Extracted records

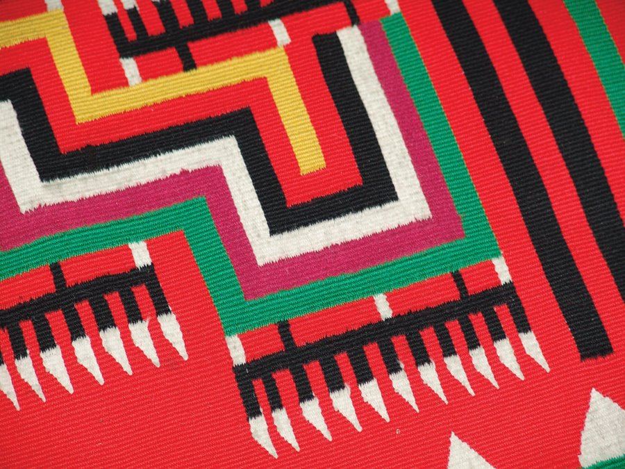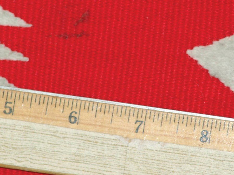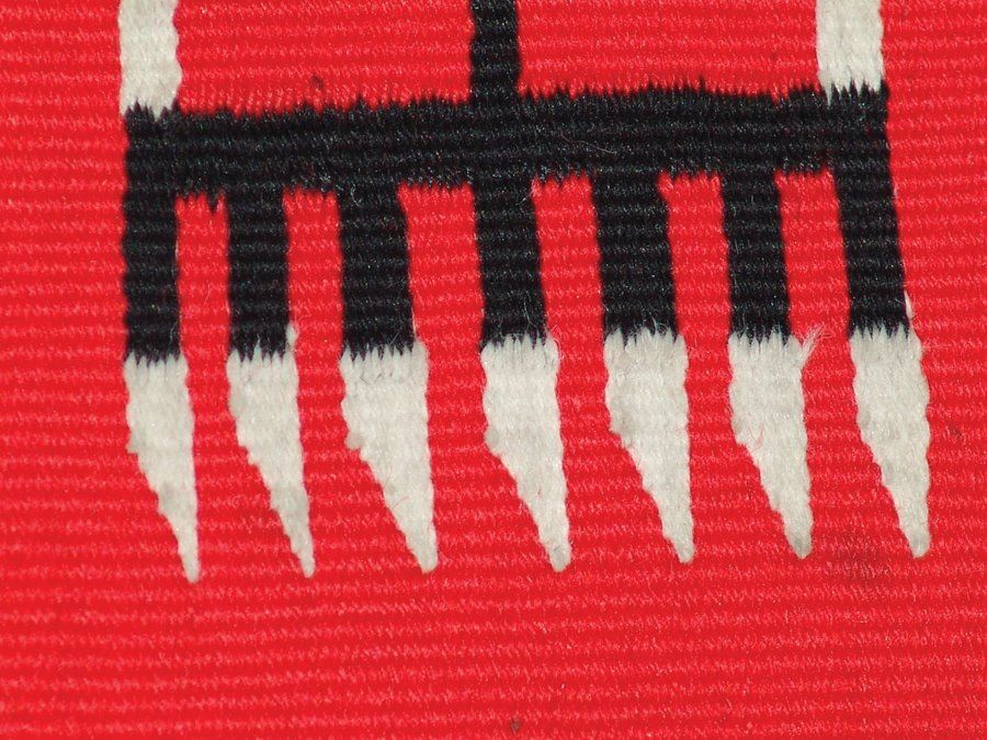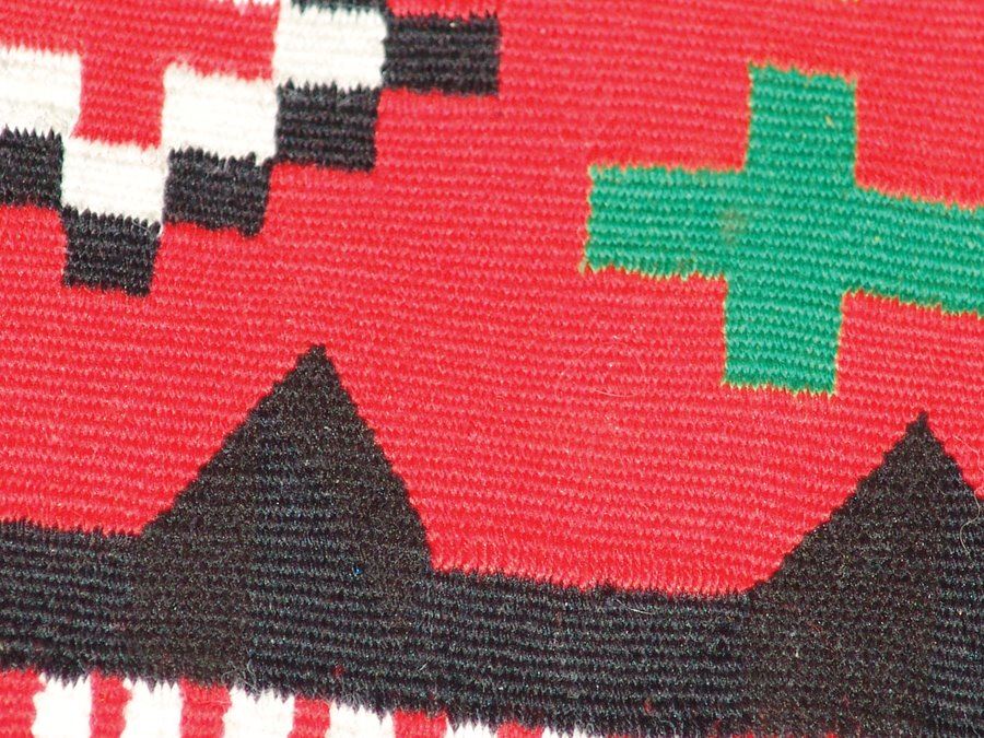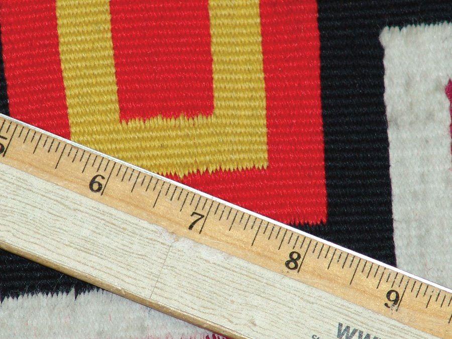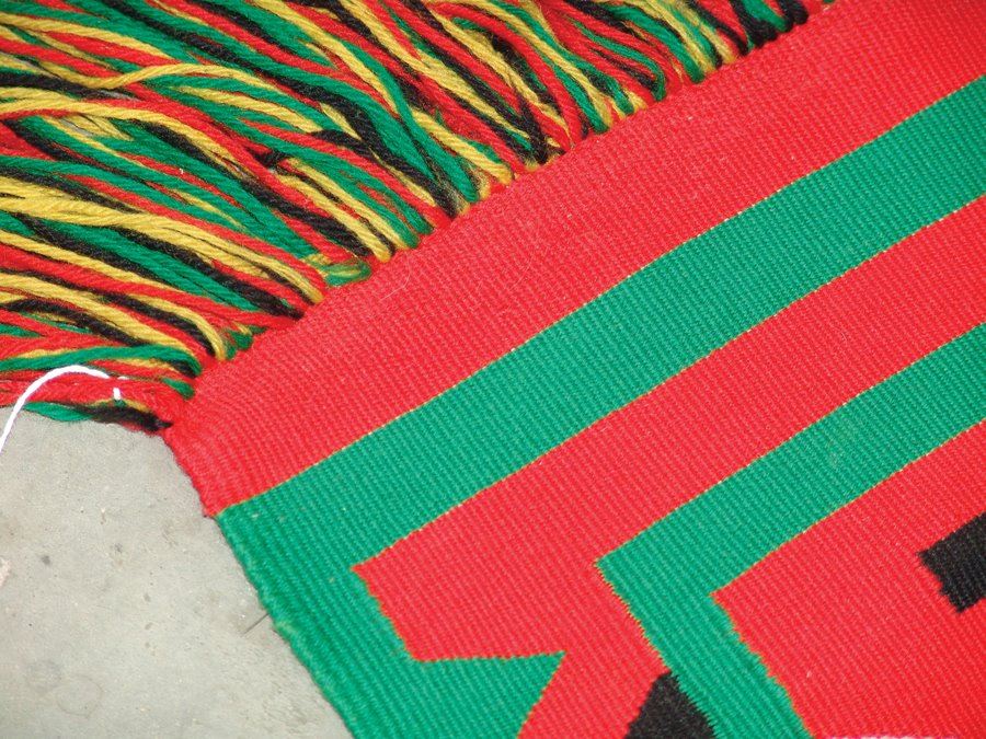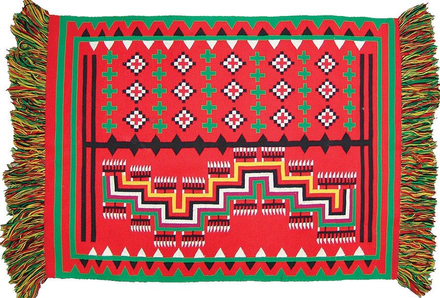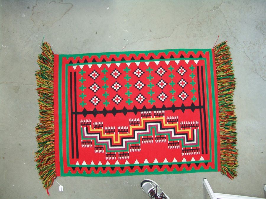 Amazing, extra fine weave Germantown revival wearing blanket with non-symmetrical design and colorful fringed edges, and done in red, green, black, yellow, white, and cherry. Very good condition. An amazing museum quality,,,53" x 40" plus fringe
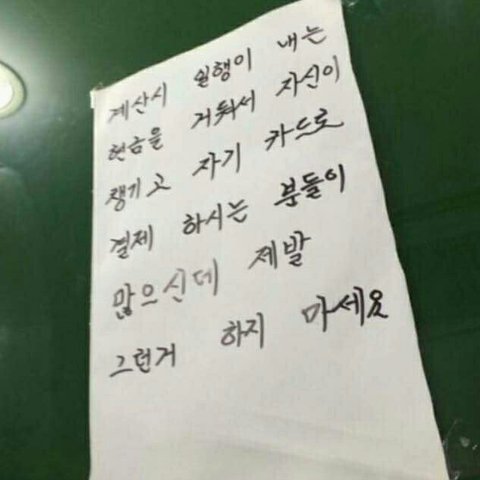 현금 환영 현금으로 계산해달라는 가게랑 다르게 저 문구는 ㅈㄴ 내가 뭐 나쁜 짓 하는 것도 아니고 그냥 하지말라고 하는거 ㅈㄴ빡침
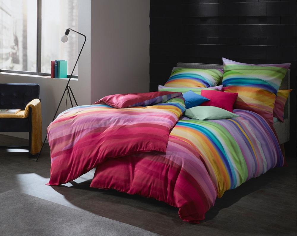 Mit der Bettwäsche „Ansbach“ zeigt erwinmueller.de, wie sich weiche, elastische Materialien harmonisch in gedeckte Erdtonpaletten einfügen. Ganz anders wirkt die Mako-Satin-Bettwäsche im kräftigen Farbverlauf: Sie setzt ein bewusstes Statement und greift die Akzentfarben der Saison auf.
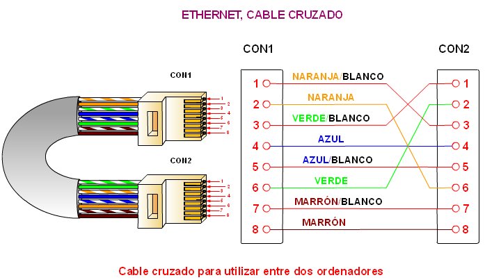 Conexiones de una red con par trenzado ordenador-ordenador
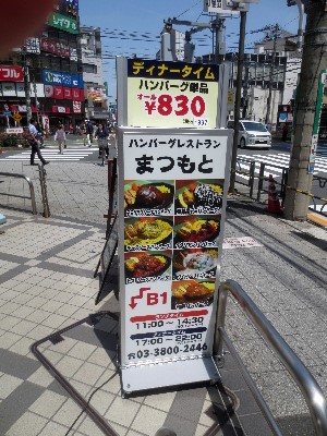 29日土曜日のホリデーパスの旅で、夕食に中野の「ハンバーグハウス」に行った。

WHAT TO DO
Please repeat exactly the data above from its first line to the line that contains "현금 환영 현금으로 계산해달라는", inclusive, and leave every picture out.

YOUR RESPONSE
 Amazing, extra fine weave Germantown revival wearing blanket with non-symmetrical design and colorful fringed edges, and done in red, green, black, yellow, white, and cherry. Very good condition. An amazing museum quality,,,53" x 40" plus fringe
 현금 환영 현금으로 계산해달라는 가게랑 다르게 저 문구는 ㅈㄴ 내가 뭐 나쁜 짓 하는 것도 아니고 그냥 하지말라고 하는거 ㅈㄴ빡침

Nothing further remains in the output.